当他看着那些刚刚分到属于自己土地的农民,脸上洋溢出的那种发自内心的、卑微而又灿烂的笑容时,他心中那座由家世和财富堆砌起来的、坚不可摧的壁垒,第一次,出现了裂痕。

这一日,李寒笑又在讲武堂内,组织了一场别开生面的辩论赛。

高大的讲台之上,他只用白粉,在黑漆木板上写下了今日的辩题。

“一等人忠臣孝子,两件事读书耕田。此乃古之圣贤庭训,想必诸位都耳熟能详。”

“那么,我今日便要问一问,忠臣孝子的命,与奸夫淫妇的命,谁更高贵?”

这个问题,在这些自幼饱读圣贤书,将纲常伦理奉为圭臬的豪强子弟看来,简直就是个笑话,甚至是对他们所学所信的莫大侮辱。

“这还用辩吗?简直是滑天下之大稽!忠臣孝子,上报君恩,下安黎庶,乃国之栋梁,社稷之基石,其命自然重于泰山!”一个面容方正,看起来颇为老成的青年率先站起,说得是义正辞严,掷地有声。

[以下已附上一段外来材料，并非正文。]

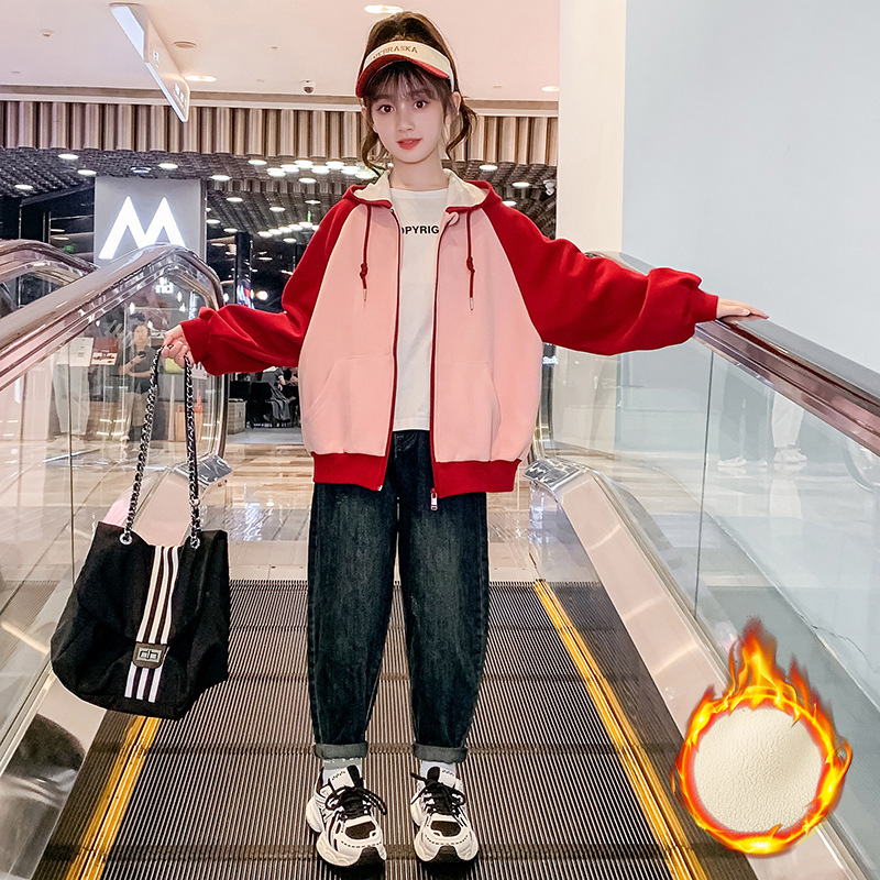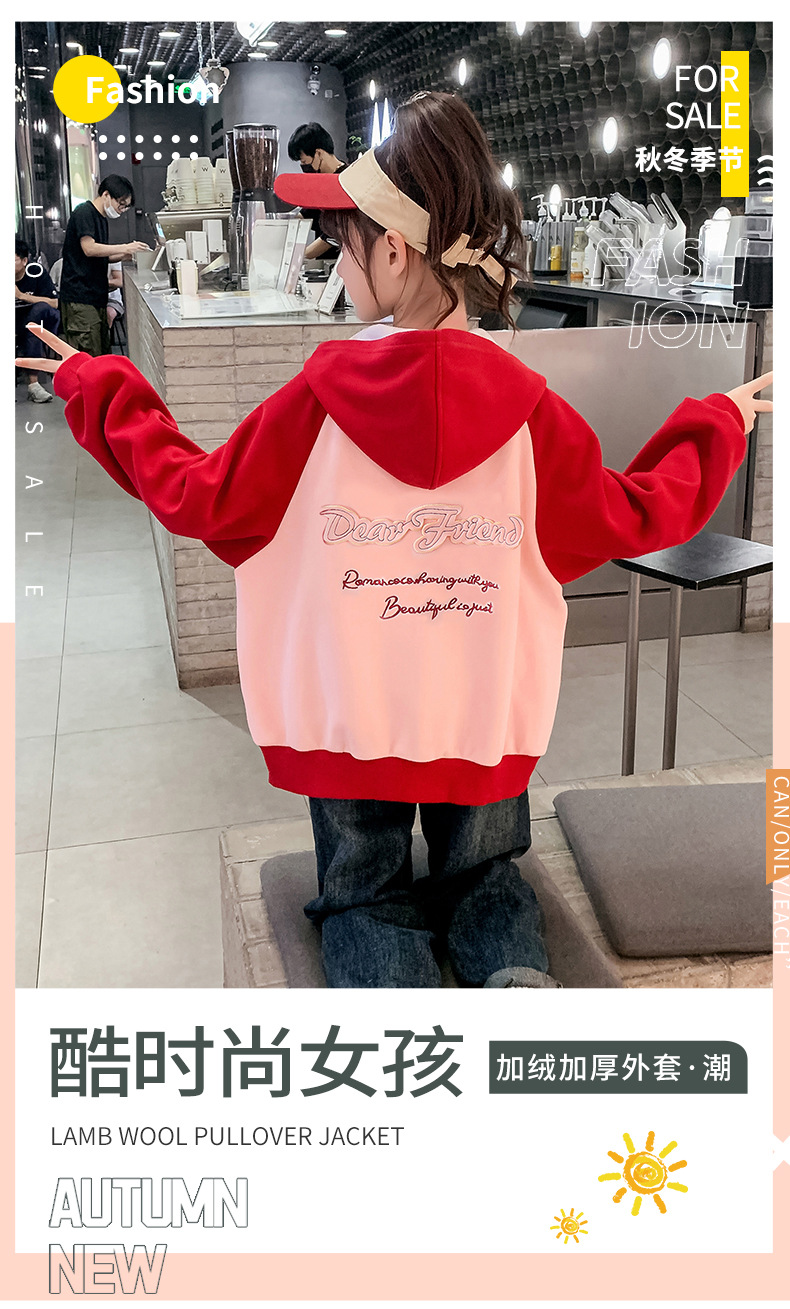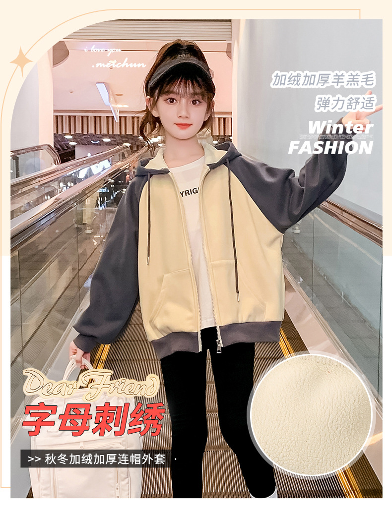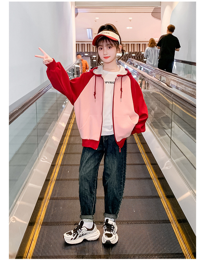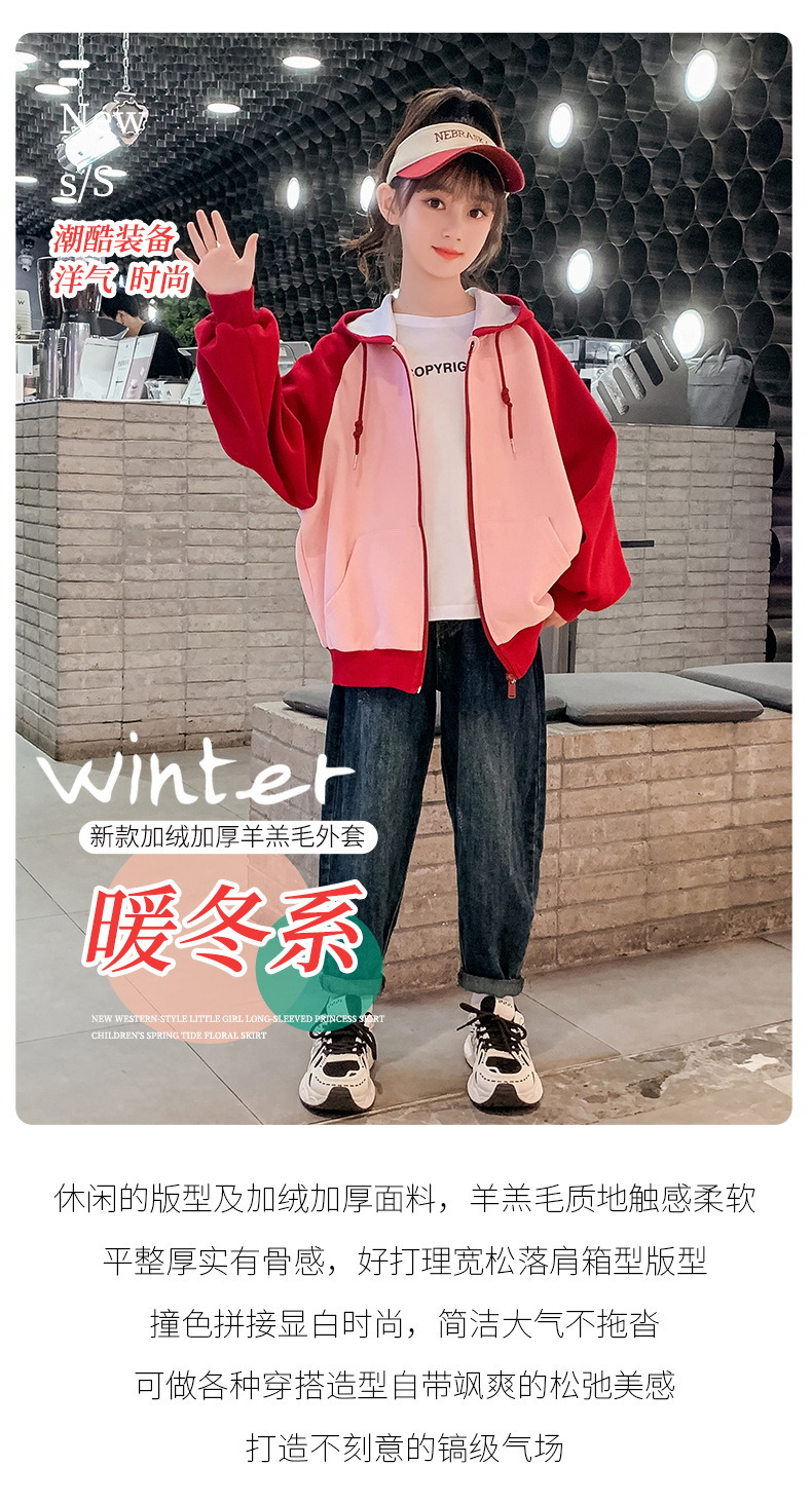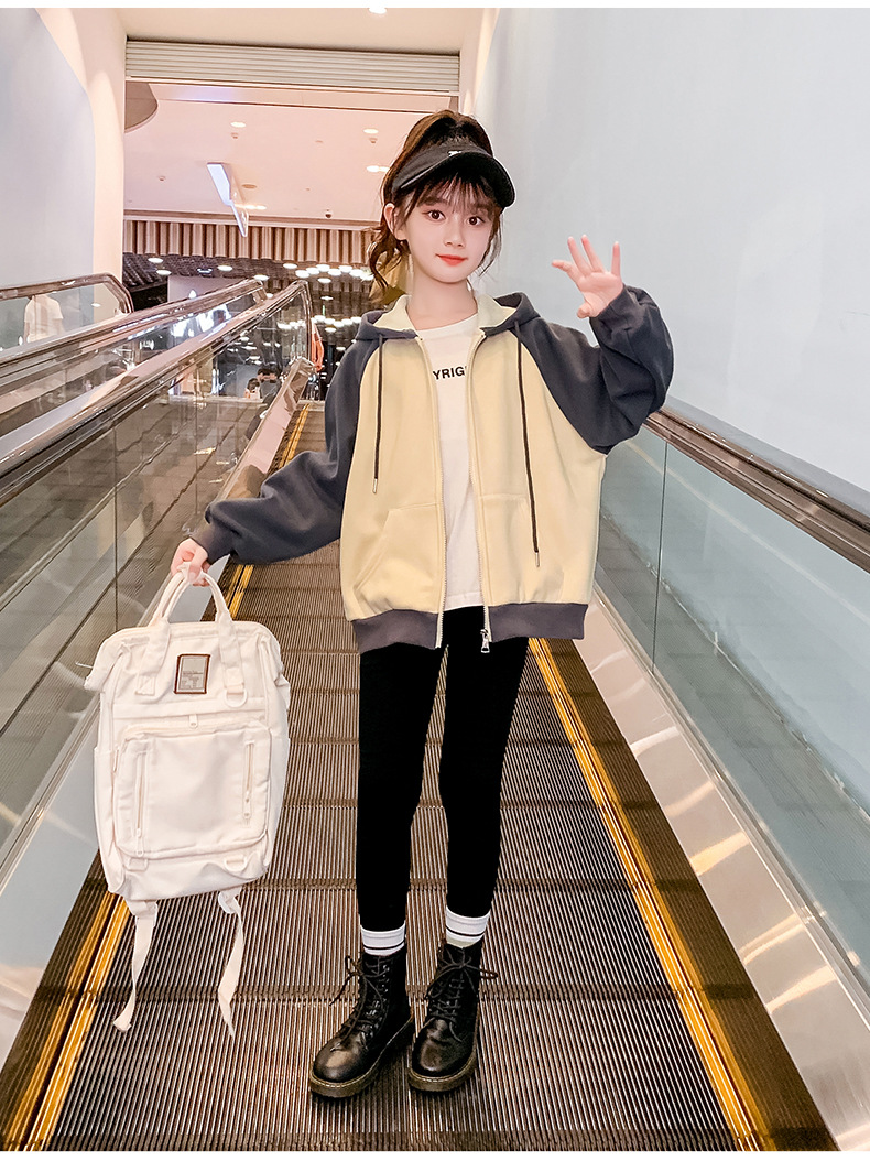 2023 가을과 겨울 소년 소녀 신코트 가디건 후드 대비 컬러 느슨한 학교 시즌 캠퍼스 초등학교 중학교 조수스토어 가기

“正是!”另一人立刻附和,“奸夫淫妇,败坏人伦,淫乱风俗,乃是猪狗不如的腌臜之辈,其命贱如草芥,死不足惜!当浸猪笼,当遭千刀万剐,方能以儆效尤!”

台下顿时响起一片附和之声。

李寒笑听着台下几乎一边倒的言论,只是微微一笑,那笑容里,却带着一丝不易察觉的怜悯。

“好,说得好。”他轻轻鼓了鼓掌,“那敢问诸位,这‘忠’与‘孝’,‘奸’与‘淫’,其标准,由谁来定?”

“自然是由圣人所立,朝廷所颁的纲常礼教来定!”那方脸青年想也不想,脱口而出。

“好。”李寒笑点了点头,他走下高台,缓步踱到那青年面前,目光直视着他,如同两把锋利的尖刀,“那敢问,商汤伐桀,周武伐纣,在当时,算不算‘不忠’?他们是犯上作乱的乱臣贼子,还是顺天应人的盖世英雄?”

“这……”那青年顿时语塞,额头上沁出了一层细密的冷汗。这个问题,他答不上来。若答是乱臣贼子,便是否定了自商周以来整个华夏的法统;若答是英雄,那岂不是承认了“不忠”亦有可取之处?

李寒笑没有给他喘息的机会,继续逼问道:“我再问你们,前汉之时,以孝廉治国,人人皆以‘孝’为最高品德,凡有孝行者,皆可举为官吏。可出了个王莽,谦恭守礼,孝感动天,连姑母病重,他都亲尝汤药,衣不解带,天下人都以为他是当世圣人,结果呢?他篡了汉,改了制,一朝得势,便刚愎自用,弄得天下大乱,饿殍遍野!”

“你们说,这‘道德’,由谁来评判?你们又如何保证,那个手握评判大权的人,他自己,就是个真正的道德君子?他会不会用这套标准,来为自己谋私利,来打压异己?”

“你们的逻辑,说白了,就是人和人的生命,不是等价的。道德高的人,出身好的人,有钱有势的人,命就更值钱。那好,如果全天下的资源,都理所当然地集中到这些所谓的‘好人’手里,那谁又能保证,这些‘好人’,不会为了维护自己的‘好’,而去压迫、去剥削那些被他们轻而易举定义为‘坏人’的人呢?”

“更何况,”李寒笑的目光扫过全场,声音愈发冰冷,“一个忠臣孝子,就不能是奸夫淫妇吗?一个人为国尽忠,在家尽孝,难道就代表他私德无暇?若真如此,那这世上,怕是就没有完人了!”

“一个屡立战功、保家卫国的将军,他可能在家里打老婆;一个学富五车、教化万民的大儒,他可能在背地里眠花宿柳。那我问你,他们的命,是高贵,还是下贱?是该杀,还是该敬?”

一番话,如同数记重锤,狠狠地敲击在每一个人的心上。

他们引以为傲的、黑白分明的世界观,在这一刻,被李寒笑毫不留情地砸得粉碎。

就在众人陷入沉默与沉思之际,一个身材清瘦,眉宇间带着几分精明与锐气的青年,突然从人群中站了出来。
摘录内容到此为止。